*Activity*
Take the lines below from the one with "剛紀/小竹克幸 以下「さいたまブロンコス」)と株式会社グローバルキャスト(所在地 愛知県名古屋市中村区、代表取締役" through the one with "Elegantná sada módnej" and print only them, exactly. Don't print the pictures.

*Provided records*
>>>
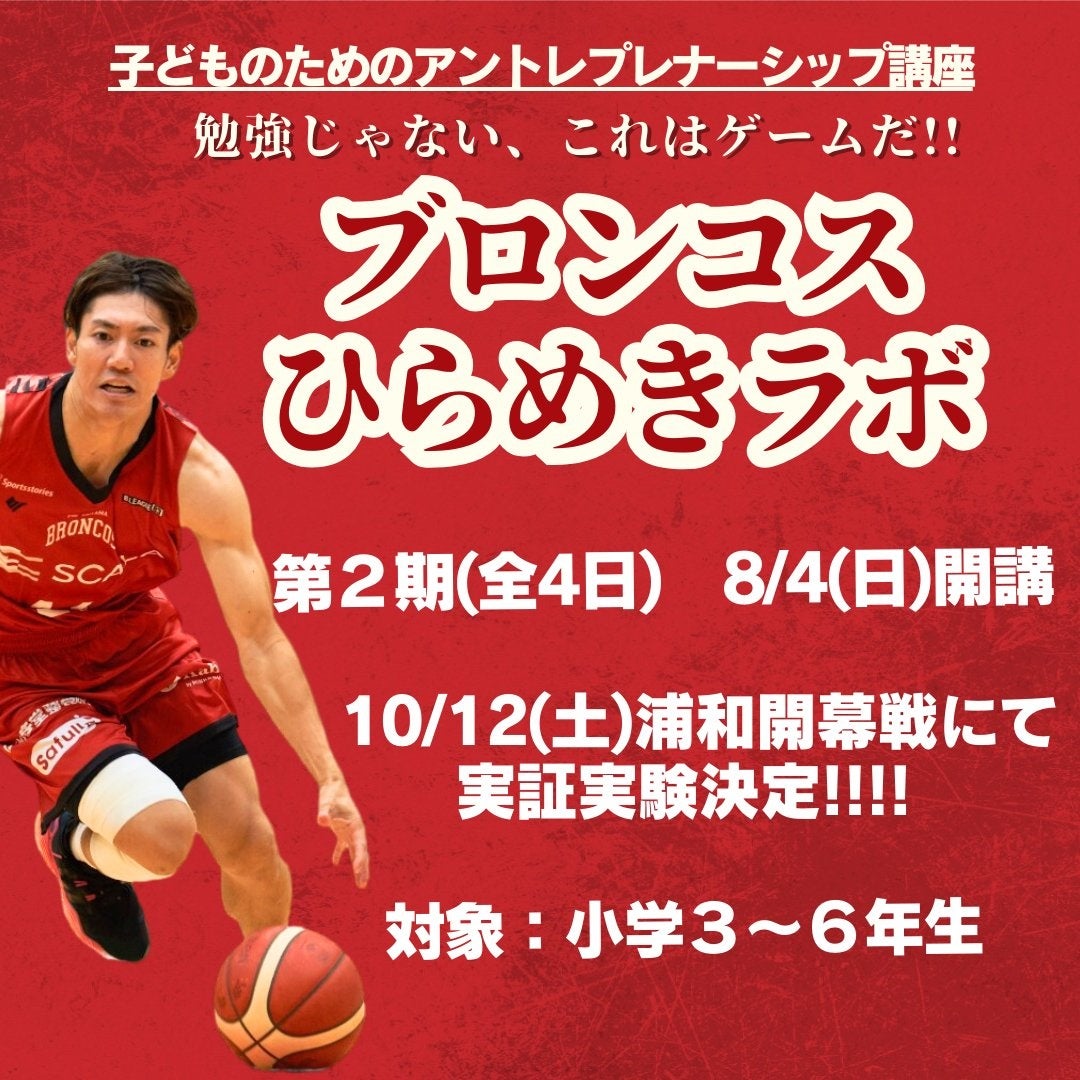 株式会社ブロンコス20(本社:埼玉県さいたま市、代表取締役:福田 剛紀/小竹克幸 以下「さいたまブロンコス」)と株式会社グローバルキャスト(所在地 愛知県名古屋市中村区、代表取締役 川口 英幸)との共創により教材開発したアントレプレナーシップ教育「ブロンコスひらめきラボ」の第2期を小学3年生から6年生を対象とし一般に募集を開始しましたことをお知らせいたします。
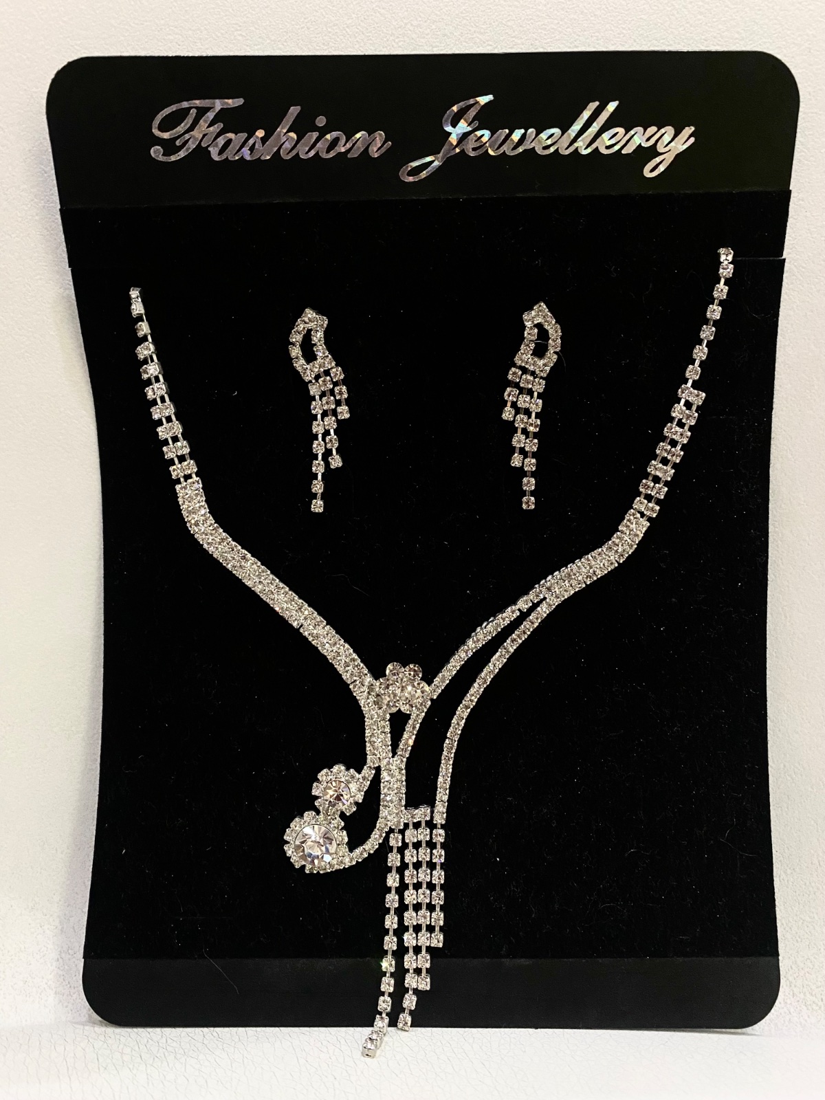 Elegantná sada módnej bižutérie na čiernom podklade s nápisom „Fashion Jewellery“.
<<<
>>>
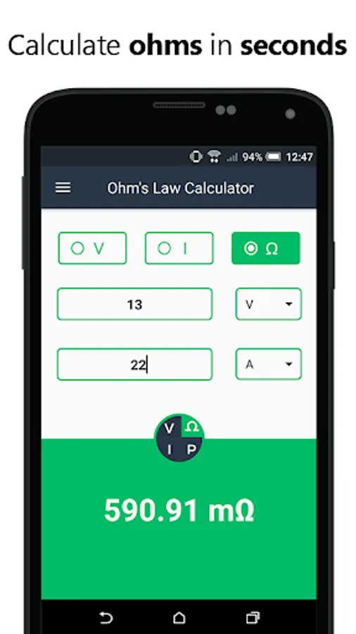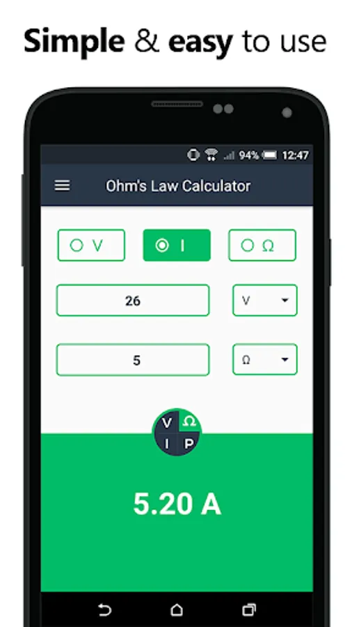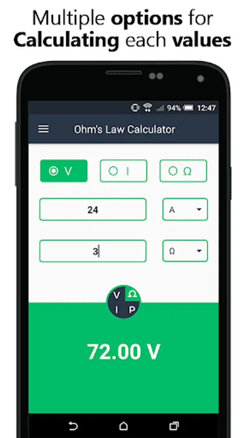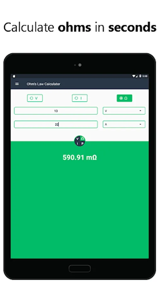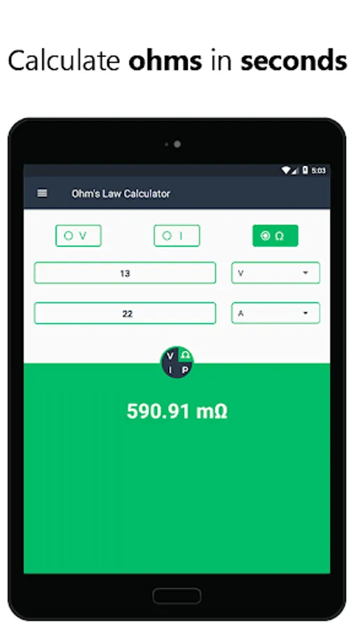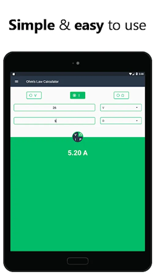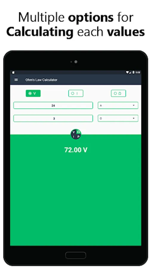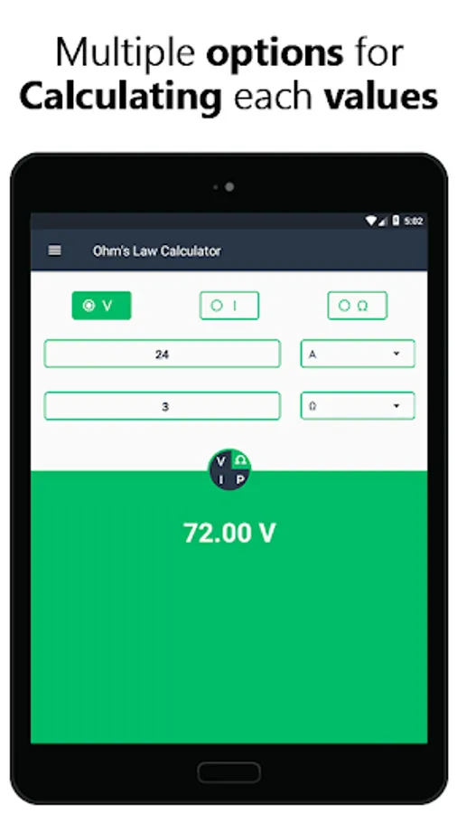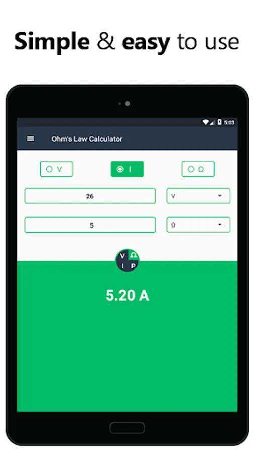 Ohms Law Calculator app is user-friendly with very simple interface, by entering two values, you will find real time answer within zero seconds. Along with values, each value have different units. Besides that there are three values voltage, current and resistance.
<<<
>>>
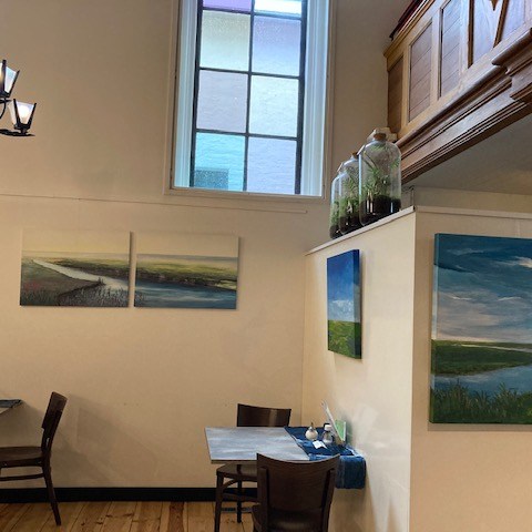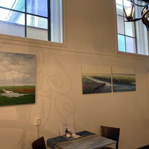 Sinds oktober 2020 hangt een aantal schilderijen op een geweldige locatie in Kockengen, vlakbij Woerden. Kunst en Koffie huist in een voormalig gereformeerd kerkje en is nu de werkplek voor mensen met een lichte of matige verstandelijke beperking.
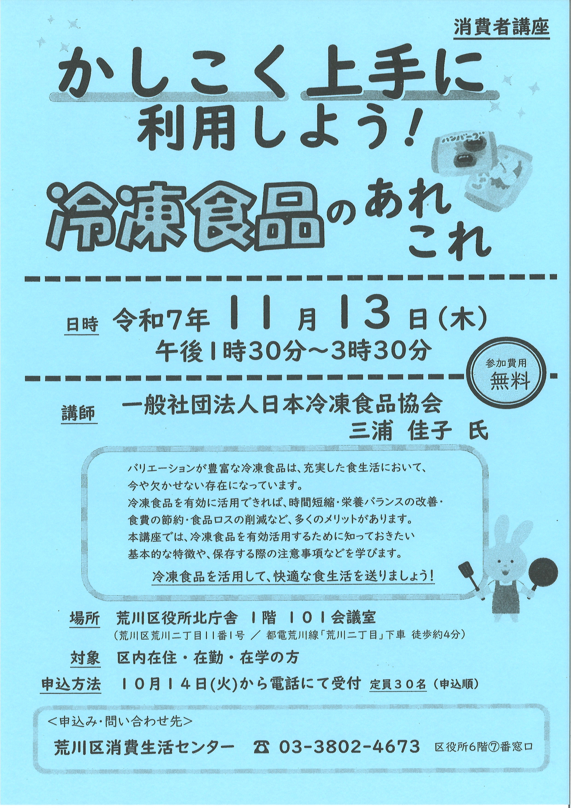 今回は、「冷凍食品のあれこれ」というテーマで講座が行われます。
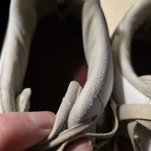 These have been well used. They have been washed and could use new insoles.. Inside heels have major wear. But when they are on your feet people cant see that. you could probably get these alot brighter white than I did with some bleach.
<<<
*Exercise solution*
 株式会社ブロンコス20(本社:埼玉県さいたま市、代表取締役:福田 剛紀/小竹克幸 以下「さいたまブロンコス」)と株式会社グローバルキャスト(所在地 愛知県名古屋市中村区、代表取締役 川口 英幸)との共創により教材開発したアントレプレナーシップ教育「ブロンコスひらめきラボ」の第2期を小学3年生から6年生を対象とし一般に募集を開始しましたことをお知らせいたします。
 Elegantná sada módnej bižutérie na čiernom podklade s nápisom „Fashion Jewellery“.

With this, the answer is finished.